Boum boum boum, polyphonie contre l’exclusion

Scénariste Argentin, Nicolàs Giacobone est connu pour des succès comme Birdman (2014). Egalement romancier, il publie Boum boum boum après le très remarqué Cahiers clandestins (2019). Le titre est polysémique : le roman est certes explosif, mais comme Holi, la fête des couleurs en Inde, où tout se mélange pour célébrer la victoire du Bien sur le Mal. Serait-ce le cas ici ?

un roman polyphonique

Boum, boum, boum a une forme particulière (1). Chaque personnage prend la parole à son tour, et le lecteur reconstruit l’histoire à travers cette diversité de points de vue. Il y a Juan, artiste qui rêve d’Amérique, et sa femme Augustina, actrice qui n’est pas en harmonie avec son corps. Veronica écrit pour l’argent des séries sans rapport avec son talent. Matthew qui laisse ses pulsions le contrôler. Paula, écrivain génial et torturé. Elle vit recluse, se consacre à l’écriture dans un brouhaha pulsé par des sons de basse, surpuissants, qui sont comme autant d’explosion. Boum. Boum. Boum. Entre Buenos Aires et New York, le roman relie ces fils improbables et construit une intrigue dont le final ne manquera ni de surprendre ni d’enthousiasmer le lecteur.

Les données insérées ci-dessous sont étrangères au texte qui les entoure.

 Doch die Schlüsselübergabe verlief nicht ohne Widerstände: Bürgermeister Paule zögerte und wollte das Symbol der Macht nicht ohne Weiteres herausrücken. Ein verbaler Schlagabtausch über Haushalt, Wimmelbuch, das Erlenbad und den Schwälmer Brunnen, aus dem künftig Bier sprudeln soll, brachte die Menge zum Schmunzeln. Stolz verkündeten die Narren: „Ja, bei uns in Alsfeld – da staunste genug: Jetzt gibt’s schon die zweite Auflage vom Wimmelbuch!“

C’est une histoire de vies cabossées, confrontées à la nécessité de survivre dans un monde qui exclut leurs talents particuliers, leur âme, pour n’accepter que le médiocre. C’est une histoire de vies qui vont se rencontrer, se séparer, puis se rencontrer de nouveau.

Contre leș préjugés

On aura compris que le point commun entre tous ces personnages, c’est le regard des autres. Les préjugés qui écrasent. Augustina concentre toutes les haines anti-LGBTI parce qu’elle ne correspond pas aux normes, et que sa liberté dérange. Que subit-elle ? Comment y réagit-elle ? Et comment s’organise la vie autour d’elle et des siens pour continuer à exister malgré cette volonté manifeste — ou simplement crétine — de vouloir la néantiser en lui imposant une norme qui la heurte ? Tout l’art de Nicolàs Giacobone est de nous faire ressentir sa souffrance psychologique, sans trop en faire, par touches d’une grande sensibilité. Ce qui n’ôte rien à la violence contenue dans son récit.

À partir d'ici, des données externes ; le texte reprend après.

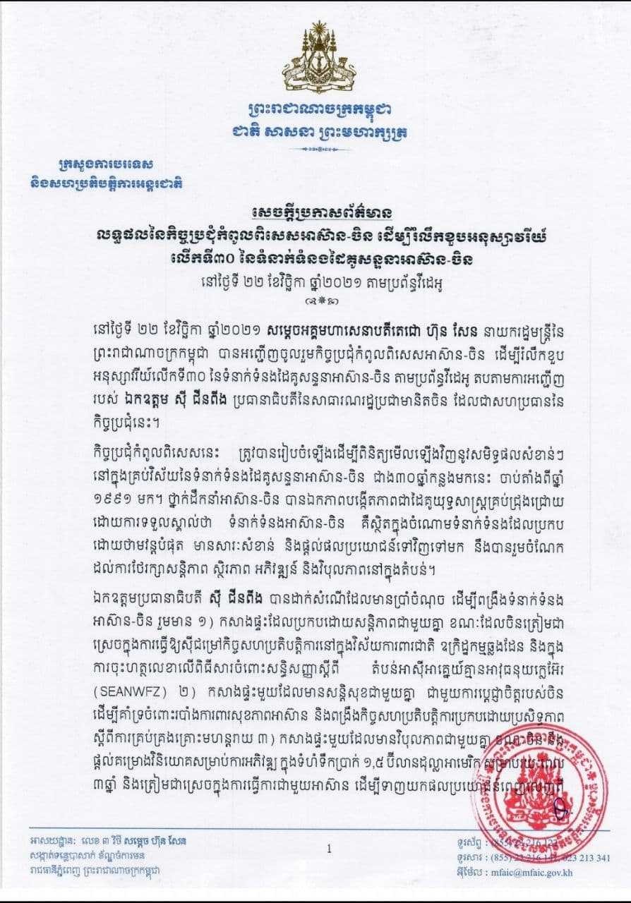 ភ្នំពេញ៖ លទ្ធផលនៃកិច្ចប្រជុំកំពូលពិសេសអាស៊ាន-ចិន ដើម្បី រំលឹកខួបអនុស្សាវរីយ៍លើក ទី៣០នៃទំនាក់ទំនងដៃគូសន្ទនាអាស៊ាន -ចិននៅថ្ងៃទី ២២ ខែវិច្ឆិកា ឆ្នាំ២០២១ តាមប្រព័ន្ធវីដេអូកាលពីព្រឹកថ្ងៃទី២២ ខែវិច្ឆិកា ឆ្នាំ២០២១ ។

Et autour d’elle, dans une série d’échanges entre chacun des personnages, ainsi que leur récit personnel, se crée un monde en lutte contre l’exclusion du genre humain…

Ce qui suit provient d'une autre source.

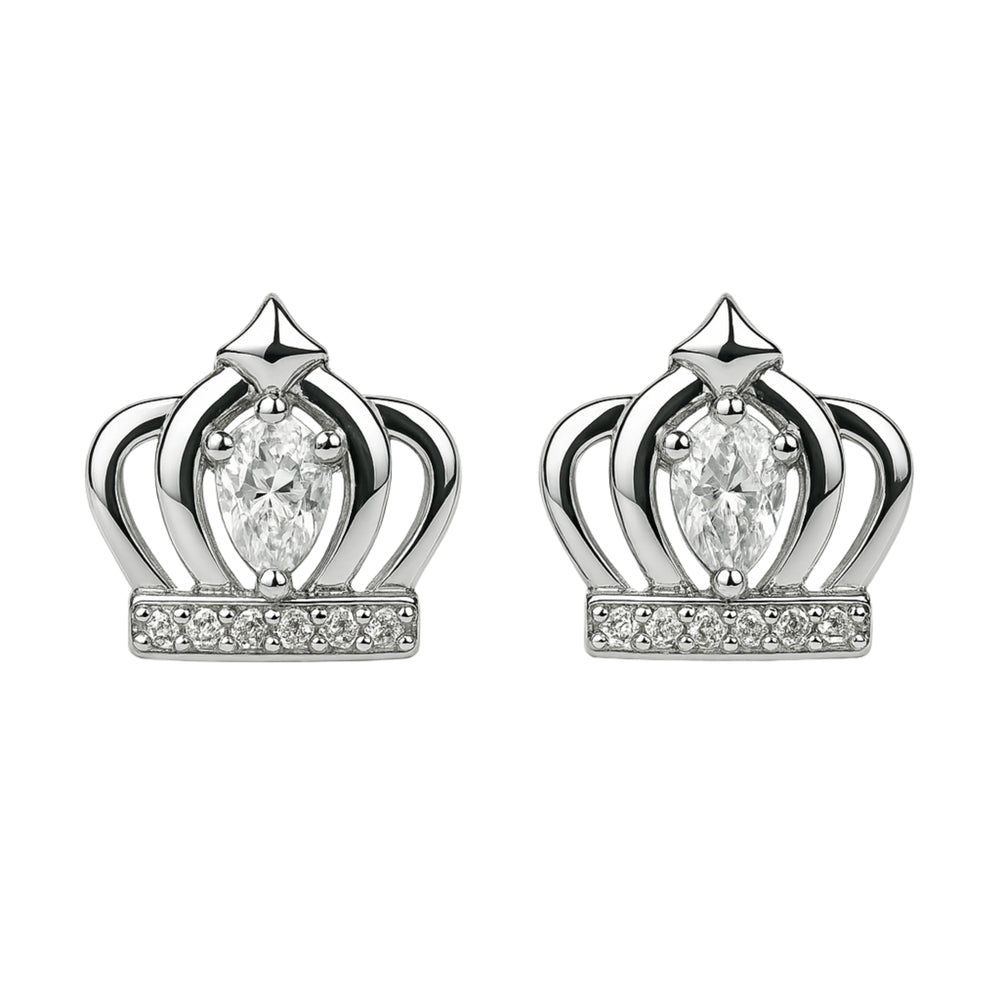 Silver Crown-Shaped Stud Earrings with Pear-Cut Solitaire & CZ Accents

Boum, boum, boum est un roman sociétal et dur, mais qui laisse pour morale une vérité fondamentale : que chacun puisse dans son intimité vivre à sa façon, être qui il est. C’est un roman pour la tolérance, mais qui n’est pas lénifiant, il choisit au contraire de montrer ce que peut subir comme véritable agression une personne attaquée pour ce qu’elle est, dans son identité propre.

Loïc Di Stefano

Nicolàs Giacobone, Boum, boum, boum, traduit de l’espagnol (Argentine) par Margot Nguyen Béraud, Sonatine, novembre 2022, 277 pages, 21 euros

(1) Qu’on retrouve par exemple dans Cris de Laurent Gaudé.